USD’s united front against suicide

By Olivia Lougee
ASST. NEWS EDITOR

During National Suicide Prevention month, the University of San Diego community remembers students whose lives were lost to suicide, while pushing efforts to prevent such tragedies from occurring again.
In October 2013, USD was awarded a three-year, $300,000 federal grant from the Substance Abuse and Mental Health Services Administration to create a suicide prevention program and to expand its current resources. A year later, the university is fulfilling the grant’s mission by implementing new programs aimed towards suicide prevention.

The San Diego Union-Tribune reported that USD had planned to use this additional funding to train students, faculty and staff to be aware of the warning signs of those who are suicidal and to expand prevention outreach efforts.

Part of that student training initiative has taken the form of the Center for Health and Wellness Promotion’s QPR, Question, Persuade, Refer, trainings, which work to teach the USD community to understand and take an active role in the prevention of suicides.

Jessica Critchlow, operations manager for the Center for Health and Wellness Promotion, said these gatekeeper suicide prevention tools will help the USD community take a more active role in helping those in crisis. Critchlow said the center also provides additional resources beyond the QPR training.

“We also provide an online, interactive training called Kognito: At-Risk, for all students, faculty and staff who wish to take an active part in supporting suicide prevention efforts in our community,” Critchlow said.

These new trainings and online resources, created with the funding from the grant, are a good first step for students who feel the university should do more to help prevent suicides.

Junior Rachel Whelan lost her friend and fellow USD student when he took his own life in April 2013. Whelan said the university has an imperative to create the tools that struggling students can use in times of crisis.

“I think the most important thing a university can do is expand its resources for those who are struggling, and make them as available as possible,” Whelan said.

Whelan believes USD has already created these resources for students, but that there is always room for improvement.

“USD has already begun to start raising awareness, which is very important,” Whelan said. “The next step is to strengthen the counseling center and other areas of support so that every student can find them accessible and feel comfortable taking full advantage of them.”

Dr. Melissa Halter, director of the Center for Health and Wellness promotion, said that the additional resources from the grant will work to make those improvements.

“The resources USD will receive will allow the institution to implement a comprehensive plan for suicide prevention and mental health stigma reduction,” Halter said. “Bringing together a multidisciplinary team of USD professionals and partnering with community experts, USD will implement a plan to engage the whole university community in these efforts.”

Beyond the scope of the new grant money and plans for a larger campuswide initiative, junior Kirsten Klein, who was also close to USD student who took his own life, believes that students must work together to prevent suffering.

“We need to take care of each other and reach out to everyone, even to those who seem the happiest,” Klein said. “Because often times the ones with the biggest smiles are hiding the most pain.
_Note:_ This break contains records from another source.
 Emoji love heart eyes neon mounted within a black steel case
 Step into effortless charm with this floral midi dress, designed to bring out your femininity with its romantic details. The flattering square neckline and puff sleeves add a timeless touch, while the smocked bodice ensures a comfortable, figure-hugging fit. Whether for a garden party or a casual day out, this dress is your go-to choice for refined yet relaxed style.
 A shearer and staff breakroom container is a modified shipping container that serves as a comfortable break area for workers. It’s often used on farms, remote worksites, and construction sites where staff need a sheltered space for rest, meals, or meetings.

We cannot avoid talking about mental illness, depression, or suicide simply because it’s ‘uncomfortable’. It’s uncomfortable because we haven’t found the right discussion yet. We have to keep trying.”
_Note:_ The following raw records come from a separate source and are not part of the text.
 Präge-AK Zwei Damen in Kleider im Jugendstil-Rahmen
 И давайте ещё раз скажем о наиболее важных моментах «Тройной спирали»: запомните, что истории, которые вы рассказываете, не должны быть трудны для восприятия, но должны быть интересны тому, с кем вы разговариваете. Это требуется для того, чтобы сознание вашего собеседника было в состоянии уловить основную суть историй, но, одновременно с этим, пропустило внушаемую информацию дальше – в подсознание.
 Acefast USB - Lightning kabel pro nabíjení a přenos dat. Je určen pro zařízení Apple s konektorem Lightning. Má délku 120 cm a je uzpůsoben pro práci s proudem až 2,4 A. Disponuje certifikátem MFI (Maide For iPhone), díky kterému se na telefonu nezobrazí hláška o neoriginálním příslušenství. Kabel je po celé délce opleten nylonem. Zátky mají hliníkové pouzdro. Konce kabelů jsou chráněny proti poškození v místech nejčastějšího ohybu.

USD students are not alone in their struggle to understand and deal with suicide. Suicides across San Diego are steadily increasing.

In an ABC10News report, county officials said that San Diego County’s suicide rate is now up 20 percent over the last six years.

According to the Huffington Post, approximately 40,000 people die from suicide in the United States each year, with approximately 3,500 of those deaths occurring in California. Overall, those numbers are increasing annually.

The Suicide Prevention Resource Center reports that of the 3,500 annual suicide deaths in California, nearly a third of them are of college students.

With college students representing a large portion of California’s annual deaths by suicide, students look to universities to aid in prevention of these tragedies. Beyond the implementation of new programs, junior Georgia Andresen believes other USD resources have helped students.

“I think that USD has done a really good job in the past couple of years trying to help prevent this from happening in the future,” Andresen said. “By creating such programs as the University Ministry peer mentors, USD is trying to give people another person to go to in times of need. We just have to remember that we are never alone.”

With the additional funding from the grant, increased training, and campus awareness about suicide prevention, the USD community looks to heal itself while preventing further tragedies in the future.